I continued to discuss the need to add thinner with my customer, and pointed out that a non-thinned finish requires more turbine power than he currently has. If he owned a 4-stage or 5-stage turbine, he could probably use the finish without thinner, but not with just a 2-stage. I speak from experience on this one, because my everyday gun is an older 2-stage model, and it requires at least a bit of thinning on almost everything I spray. I am okay with this apparent shortcoming because I am a proponent of applying multiple thin coats, as compared to fewer thick coats, which I believe are just inviting trouble.

As our conversation continued, he asked the million dollar question, “How much lacquer thinner do you add?” For me, the simple answer is, “Until it sprays good,” which is very ambiguous I know, but true. I have an advantage because I have sprayed more than him and I have an idea where I am headed, but I don’t truly know until I shoot a sample board with it and see how things are flowing (which I do every time before I spray the real thing). I spray a sample piece of wood standing up vertically to make sure that I can get a fully wet and flat surface with no runs or sags and to get a feel for how fast I need to move the gun to make all of that happen. If the sample surface looks good, I move on and spray the real thing. If I have issues, it is usually because the finish is a bit thick, so I add lacquer thinner until the finish sprays smoothly without orange peel and without runs.
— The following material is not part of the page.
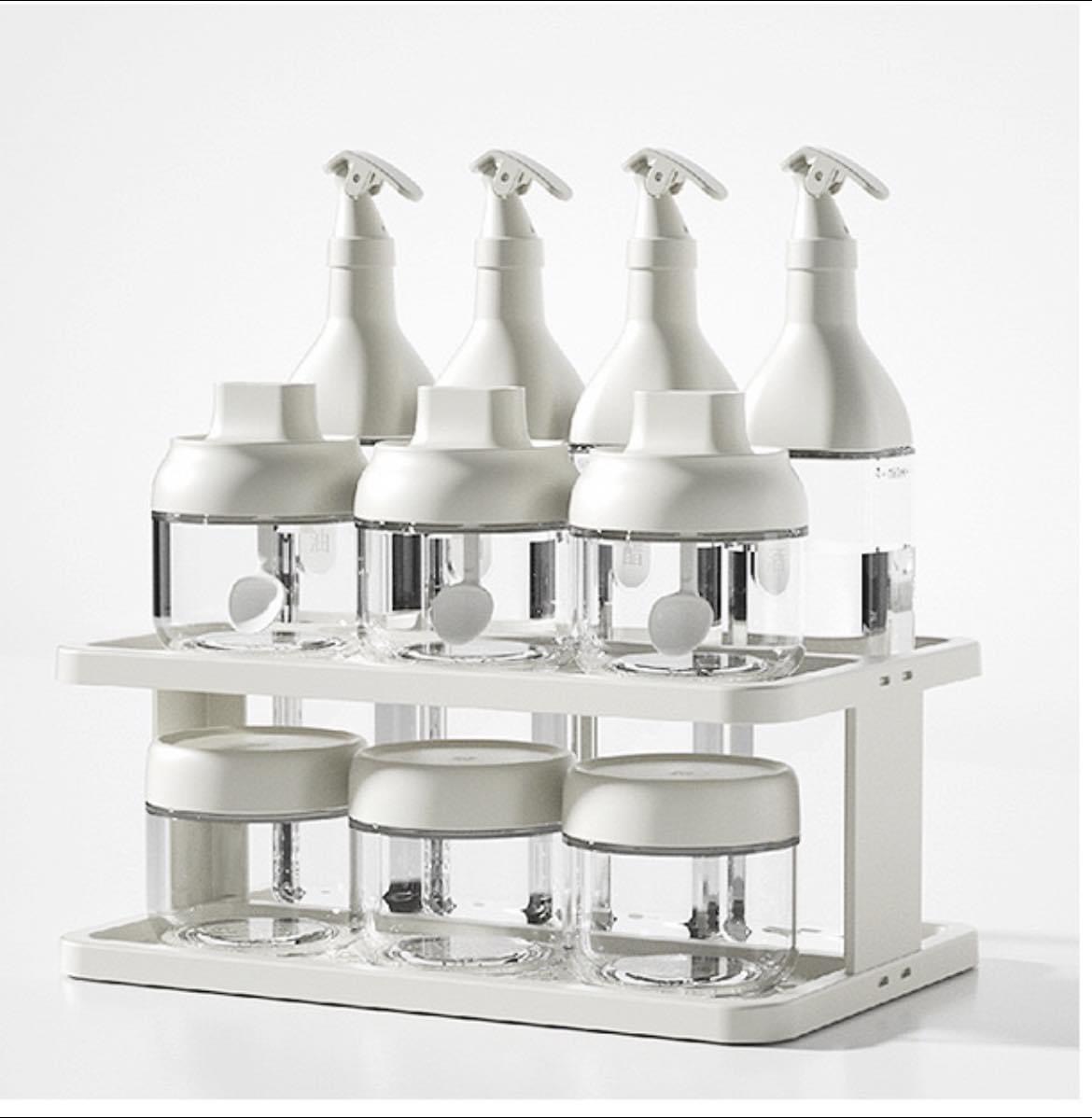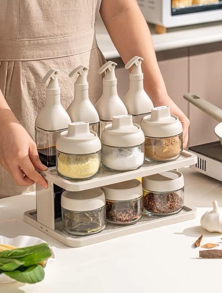 4 chai đựng dầu mắm, 6 hũ gia vị khô, kèm 1 kệ đựng mà chỉ có #339k/1 set thoai ạ

A viscosity cup like this Ford 4 style, available from Highland Woodworking is a good starting point.

Another, more technical way to determine the correct amount of thinner is to use a viscosity cup. A viscosity cup is shaped like a funnel and determines how thick a fluid is by the time it takes to empty the cup. A thin fluid will empty in just a couple of seconds, while a thick fluid might take 30 seconds or more. When I started spraying and used a viscosity cup, about 15 seconds was the right amount for my gun, but it will vary from gun to gun. When learning to spray, I recommend using a viscosity cup and to follow the manufacturers recommendations. If nothing else, this will give you a good starting point from which you can make later changes and have a way to achieve consistent results. After you spray for a while, there will be less mystery, and you will know from one test shot what needs to be adjusted, even without the viscosity cup.
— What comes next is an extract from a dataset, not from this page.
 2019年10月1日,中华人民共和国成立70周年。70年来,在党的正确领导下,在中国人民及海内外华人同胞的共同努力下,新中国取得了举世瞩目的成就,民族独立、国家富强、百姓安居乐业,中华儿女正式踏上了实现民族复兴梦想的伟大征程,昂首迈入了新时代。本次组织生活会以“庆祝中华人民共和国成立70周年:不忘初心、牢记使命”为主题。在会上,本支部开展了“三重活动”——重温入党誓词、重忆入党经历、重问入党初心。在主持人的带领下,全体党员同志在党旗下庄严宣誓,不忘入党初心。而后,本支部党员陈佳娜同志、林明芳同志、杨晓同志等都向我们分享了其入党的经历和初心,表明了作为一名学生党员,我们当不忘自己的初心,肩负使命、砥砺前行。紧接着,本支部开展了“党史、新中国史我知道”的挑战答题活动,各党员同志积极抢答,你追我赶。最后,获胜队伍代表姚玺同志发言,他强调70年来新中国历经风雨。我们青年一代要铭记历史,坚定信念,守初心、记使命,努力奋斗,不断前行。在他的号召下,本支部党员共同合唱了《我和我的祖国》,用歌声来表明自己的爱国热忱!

When my customer asked about adding lacquer thinner, I know he was worried about possibly adding too much, and after thinking about it, I don’t know that you can add too much. I can follow the logic that adding too much thinner may change the chemistry, but I mix the 10:1 ratio of conversion varnish to catalyst first and then add the thinner, so there should still be the same amount of resin and catalyst, just with more space between them, in the form of lacquer thinner which will quickly evaporate and let the two parts do their thing. Even with other lacquer products, which includes sealers, nitrocellulose lacquers and modified lacquers, I can’t think of any time that I have ever had a problem because I added too much thinner.

I’m sure finish manufacturers would disagree and warn you to not be so cavalier about it, but I sure wouldn’t worry about adding too much thinner. Simply add enough thinner until your spray gun is able to apply a nice, even and wet film that flows out flat and dries without sagging. Even if you do mix it a bit thin, feel confident knowing that you can always compensate by moving more quickly or reducing the amount of fluid coming out of the tip of the gun.